In other words, Integrated Gradients is a way to make a classification model interpretable. A baseline is defined which has no effect on the classification result. Then, in a few steps, interpolations are given to the model and the gradient is used to determine what influence the individual inputs have on the result.

The way it works is that it calculates gradients for a given output with respect to all the intermediate steps leading up to the input. It also creates interpolation of the baseline input to the input of interest and perform gradient calculation for all these intermediate inputs. Integration of gradients provides an importance of the input and whether it impacts the given output. Importance can also be calculated for a given layer of the model.

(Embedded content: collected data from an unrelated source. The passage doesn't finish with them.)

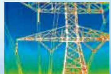
Transporte y distribución eléctrica
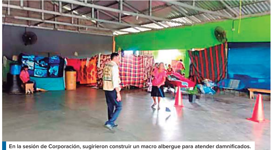
En la sesión de Corporación, sugirieron construir un macro albergue para atender damnificados.

La sesión extraordinaria de la Corporación Municipal también aprobó la compra de 10 vehículos para el próximo año, así como un par de camiones para evacuar a los pobladores cuando las circunstancias lo requieran.
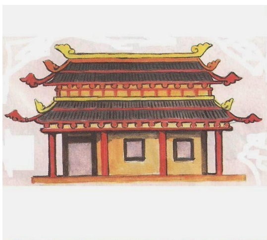
To jest Japonka. Mieszka w mince.

Here’s a sample Python code for illustration purpose that explains the output of a Hugging Face transformer-based model with integrated gradients:

from transformers import AutoTokenizer, AutoModelForSequenceClassification
from captum.attr import IntegratedGradients
import torch

tokenizer = AutoTokenizer.from_pretrained("bert-base-uncased")
model = AutoModelForSequenceClassification.from_pretrained("bert-base-uncased")

ig = IntegratedGradients(model)

input_text = "This is a positive sentence."
input_ids = torch.tensor(tokenizer.encode(input_text)).unsqueeze(0)

baseline_ids = torch.zeros_like(input_ids)

attr = ig.attribute(inputs=input_ids,
                    baselines=baseline_ids)

print(attr)

In this example, we first import the necessary modules and create an instance of the IntegratedGradients class. We then load a pre-trained BERT based sequence classification model and tokenizer using the Hugging Face AutoTokenizer and AutoModelForSequenceClassification classes.

Next, input text is defined and converted to input IDs using the tokenizer. Baseline IDs are also defined as a tensor of zeros with the same shape as our input IDs.

Then, attribute() method of our IntegratedGradients instance is called with input and baseline IDs. The output of this method is an attribution tensor that represents the importance of each token in the input text for the output of the model.

We often need to deal with multimodal data such as image, numeric values, categories in addition to text. Here is another example where the model takes multimodal data and can be explained with integrated gradients

from transformers import pipeline
from captum.attr import IntegratedGradients
import torch

# Load the trained model
model = pipeline('text-classification', model='distilbert-base-uncased')

# Define the input text, numbers, and categories
text = "I love this movie!"
numbers = torch.tensor([1, 2, 3, 4, 5])
categories = torch.tensor([0, 1, 0])

# Combine the text, numbers, and categories into a single input tensor
input_tensor = {'input_ids': model.tokenizer.encode(text, add_special_tokens=True, return_tensors='pt'),
                'numbers': numbers.unsqueeze(0),
                'categories': categories.unsqueeze(0)}

# Define the IntegratedGradients object
ig = IntegratedGradients(model)

# Compute the attributions
attributions = ig.attribute(input_tensor)

# Print the attributions
print(attributions)

Written on March 25, 2023